Thursday, December 14, 2006

P2P Bust in Japan

An author of a P2P software has been convicted in Japan. The charges revolve around copyright infringement.

However, the accused was not found guilty of "copyright infringement", but rather "enabling copyright infringement".

I think that decision is problematic. There should be a large and well-defined distinction between doing something and building something that might conceivably allow someone to do something. Isamu Kaneko did not force the users of his software to use it illegaly. It is quite conceivable that those users could have chosen to use Isamu's software legally. This sort of court decision is exactly what is needed to stifle innovation and punish those who produce popular (and free) software. Isamu's product had half a million users.

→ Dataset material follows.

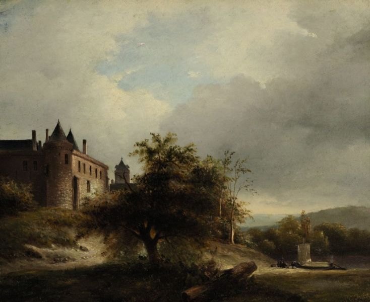 Landschaft mit Burg an einem Fluss

Here are some things to consider:

1. The software itself is not an infringement nor is it illegal.
2. The software does nothing that many other similar packages couldn't do.
3. There is no feasible way for such a general purpose file sharing program to reasonably detect what is copyrighted and what isn't. It just handles chunks of data.
4. The software does nothing to enable infringement that is fundamentally different than what your typical FTP or Web Client/Server does.

If it can be proven that the software does not in and of itself break any laws, I believe it is illegitimate to attempt to charge the author of it. While it may not correspond exactly, the basic principles involved are somewhat akin to MP3 player producers being sued because some of their users use illegally downloaded MP3s on the devices. It is patently silly. In almost in any context, this sort of charge would be so silly that the judge would laugh. However, somehow when it comes to coprights on the internet, many convictions for this sort of things seem to be able to happen.

The sort of logic employed here is very twisted, sort of akin to the Guilt By Association Fallacy. It goes something like "Joe broke the law with X. Fred made X. Therefore Fred broke the law". If X, in and of itself, is not an infrigement of the law, there should be no case against Fred. It is not totally unlike saying: "Joe murdered someone in MondoShoes. MondoShoes are produced by George. Therefore George is guilty of murder." This sort of reasoning would be ridiculous even in regard to murder, which is obviously of more gravity than copyright infringement. The software in question was really just a "transport" (hence the analogy of shoes) that the person used to commit the copryright infringement. The P2P software is really expendible in this matter, so there is no sane reason to blame the person who wrote that softawre. The people who are hosting and downloading the copyrighted products are the real "movers" in the act of violating copyright law.

Thankfully saner decisions have prevailed in these sort of cases in U.S. and Canada courts.